They left their baskets and climbed up to where they had dug the
hole; there was no water in it. They went higher, came to moist
ground, dug down and got a little water. The younger sister again
heard the strange sound. She went higher [34]and listened; then she
heard, far away, a weak voice saying: “Kĕlmas popanwe. Kĕlmas
popanwe!” (You are drinking nothing but tears. You are drinking
nothing but tears.)

The girl followed the sound, and saw a bright red hair on the ground.
When she picked it up she knew it was a hair from the head of the
man who had killed her and her sister. The place where she found
the hair was level and smooth, without a blade of grass or a weed on
it. In the middle of that space was a skeleton. All the bones were
dead but the eyes were living. It was Isis’ skeleton. Thousands of
deer had been there and danced around the man who had killed so
many of their people. With their hoofs they had stamped down the
grass and beaten the ground level.

When the elder sister saw the skeleton she was frightened and
wanted to run away, but the younger sister spread out her wolf skin
blanket and put the skeleton on it.

“What are you going to do with that?” asked her sister. “It smells
badly. It makes me sick.” She wanted to snatch the skeleton and
break it up.

“Go away!” said the younger girl. “I will bring this to life.” She
wrapped the bones up carefully and started down the mountain, her
sister following.

When they got to their camp the elder said: “Let me have those
bones; they are the bones of the man who killed us. I’ll pound them
up and burn them.”

The younger sister didn’t listen to what the elder said. She got deer
fat, rubbed the skeleton with it, and pushed some of the fat between
the teeth. She worked over the skeleton all night. In the morning
there was a little flesh on the bones; at midday the skeleton was a
man again.
The younger sister fed him, and the elder gathered seeds for him, for
she liked him now.

Cogátkis called to his mother: “I see two persons sitting in the shade
while my elder sister gathers seeds.” The next morning he called to
his mother: “The stranger is alone; both my sisters are gathering
seeds.”

Isis drank water, then lay down and slept. While he was sleeping
porcupines danced around him, and sang. The [35]sisters came at
midday, and when the porcupines saw them coming they ran away.
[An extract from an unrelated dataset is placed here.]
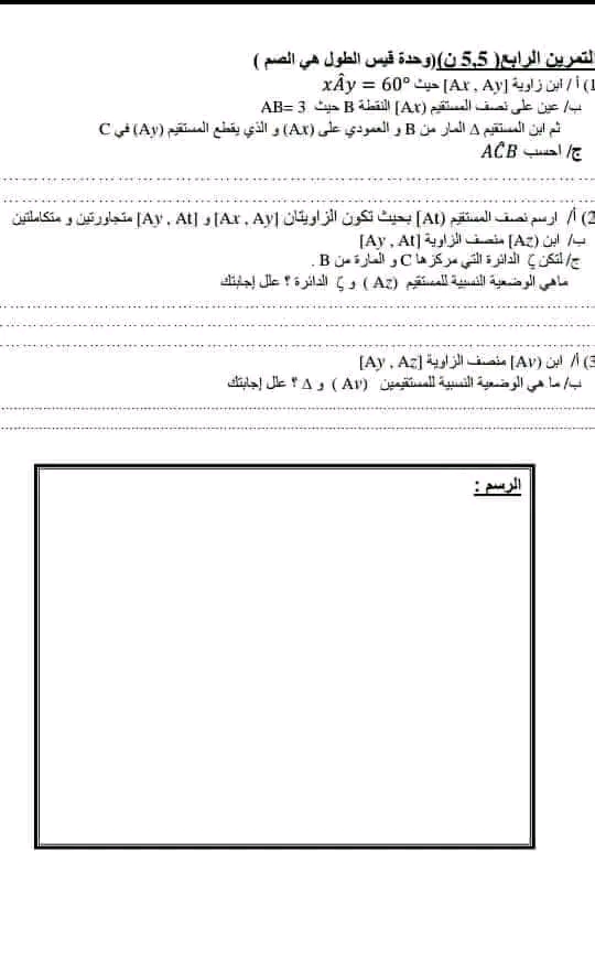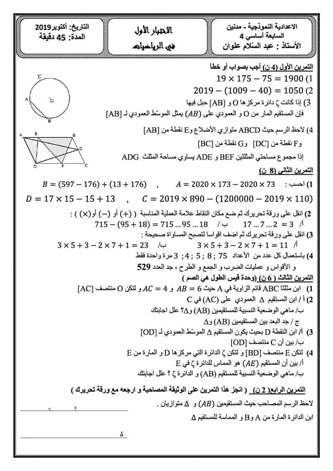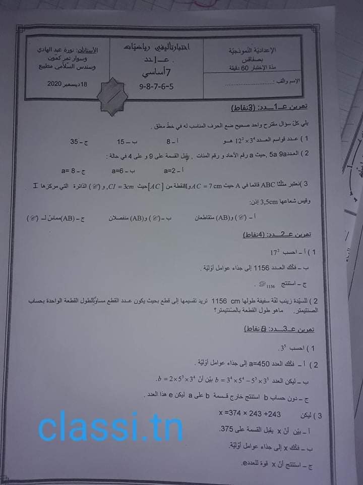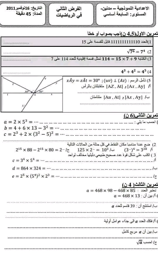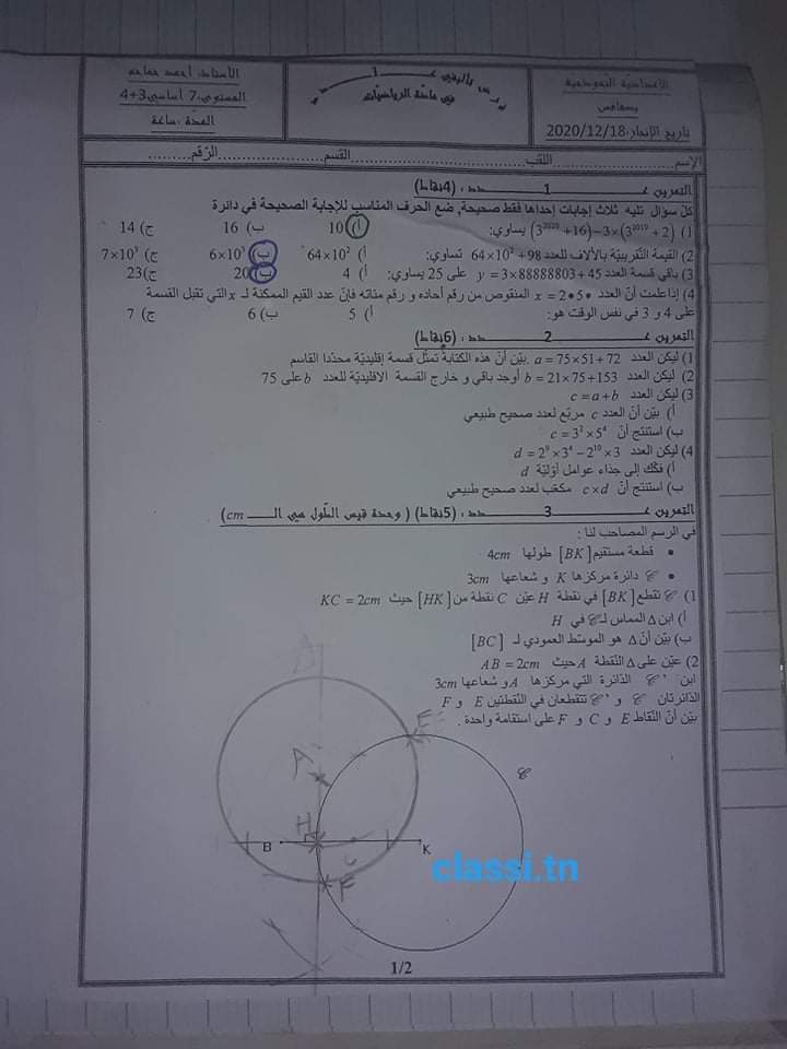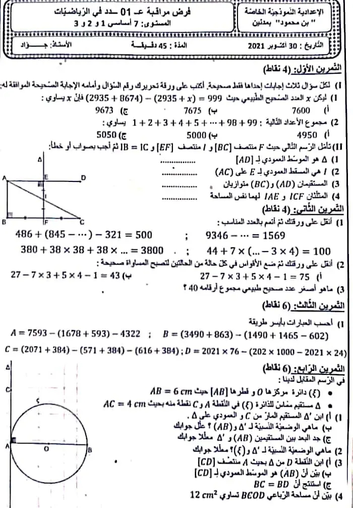 فرض مراقبة رياضيات عدد 01 مرفق بالاصلاح

The next morning the younger sister said to Isis: “This is the last day
we can gather seeds near by. We must go farther up the mountain.”

When Isis was left alone, he fell asleep. The porcupines came and
danced around him and sang, and each one’s song was: “Who can
cut off my feet and hands and eat them?”

Isis woke up, struck the chief of the porcupines with his cane, killed
him, cut off his feet and hands, pulled the quills out of his back and
tied them up in ten bunches. He wanted to give the quills to his wives
and his mother-in-law. Isis was well now, and could hunt for deer.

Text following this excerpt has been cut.